Monday, April 4, 2011

Mother

Motherless Daughter


Childless Mother


I have been one of these
at one point or another throughout my life


Now,


I am Both, at Once.


I, with my overly acute Ability
to Read a situation
and skill in 
prescribing the appropriate behavior


in Myself


To Keep the Balance;


So, that things don't get '...Too Way Out...'


That was my Mother's pat phrase
that She would Use
to Reel Me In
if I became too invested in showing,
or even, Feeling 
any emotion ... "too much".


I didn't even realize when I was 5,
Six, 10, Seven, thirteen or even 17;
that she was Dictating to me,


That She WOULD NOT
be asked or expected 


to 'handle' anyone's emotions
(ever again).


I didn't know that was what she was telling me,
And Yet, I Did .....


God, didn't I know it ...


That is when I started honing my skills in
Anticipating situations,
Especially Emotionally Charged Ones,
so I could Put the Wall up,


Don the Armour...


And Intellectualize the Situation
into a Problem to be Figured Out
And ultimately fixed.


(does this sound familiar to anyone out there
who knows me?? WELL .... I'm just figuring this out
for myself .... so, apologies to those who I worked 
this shit out on ...)


So, my brain got Big
My Heart got Small


My Brain learned to "Brother" my Heart
Protect it
Sheild it ....


When Her Mom got Lost in Her emotions when
Her Son never returned from THE WAR,


My Mom took care of all the things that her mom couldn't.
She ...
Ran Away,
Birthed,
Ran Home,
Hit the Love Jackpot,
Lost her Own Son,
And Threw her Emotions away ...


She Would NOT get lost like Her Mom had Done.
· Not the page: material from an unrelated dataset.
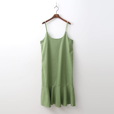 심플한 어깨끈이 시원한 느낌을 주는 슬리브리스 드레스.

I actually believe that I was born
with a HUGE HEART,
But was taught, skillfully
To Hide it.


I Brothered my Heart
I fathered my Brain
And I mothered every Weak Soul
That came into my Path ... or even NEAR 
my path ....


Momma's Boys at school in first grade
Momma's wanna-be-boys later in life ...


I was so good at Deflect and Coddle!
When I should have been mothering MYSELF ....
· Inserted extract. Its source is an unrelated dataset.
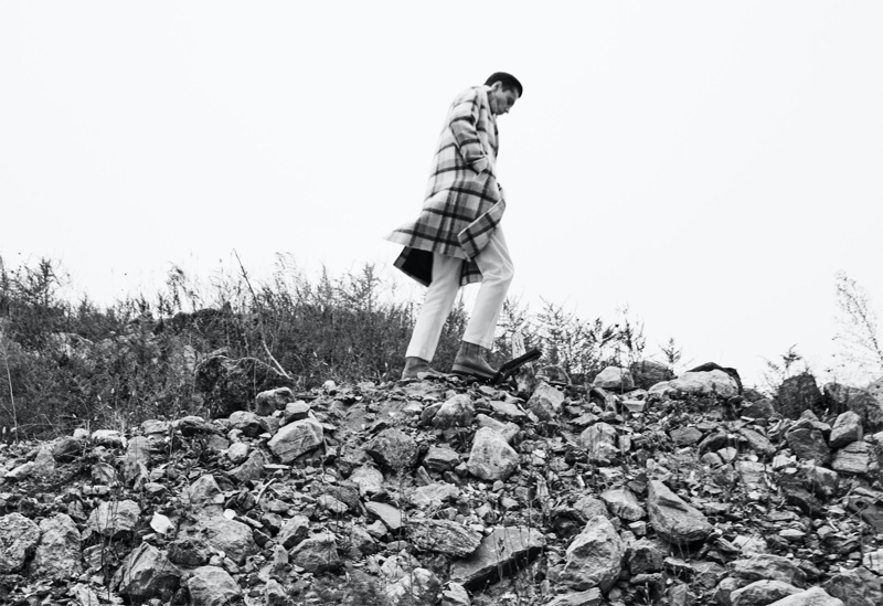 Front and center, Adrien Sahores dons a checked coat from Zara.Pin

And Here's the Real Kick in the Ass .... :


When I was depleted of mySELF
and No Longer able to Feaux Mother anyone who would
take, take, take ...


A nudging from God came along
to someone Else ...


In order to Get my Attention.


She talked of being a Balance
for my Fear of Heights ....


I don't think I was ever truly afraid of heights;
It was emotions that would make me flutter and fly
That I feared.


She loved my Words
But she also saw my Heart
My Child-like Heart ....
And Love it too


And I mistakenly thought I had been saved.
Thankfully I had been seen, then Loved
But not Saved .... I think maybe the thought of 
Being my savior scared Her more than Anything.


So Why did she Elicit all those Raw, ImBalanced
Emotions in me??????


Because, for the First time in my Life,
My Heart was Awake and Warming
to the Potential
at Finally
Being Mothered ....




I wanted you to Mother my Heart ....
I get it now.
Even though it was a part -- a Natural part --
Of my Development, albeit Delayed;
I am sorry that That is what I needed when You came along.


And, by the way ... ?


You did a fine job.
And so Did my Mother
For what you both had to Deal with ....


And too also ... ?


I'm doing a pretty damned good job, Myself
Given what I have had to Deal with ....


And, so the Beat Goes On ....


(C)2011jsblankenship



1 comment:

Unknown said...

This is so beautiful, insightful, and again very well written. It seems as though you have figured out a lot about yourself and your ability to cope. That is really good stuff. Now just relax and let yourself "be." You have to grieve to heal Jac and I am very happy that you are finally letting go and doing that.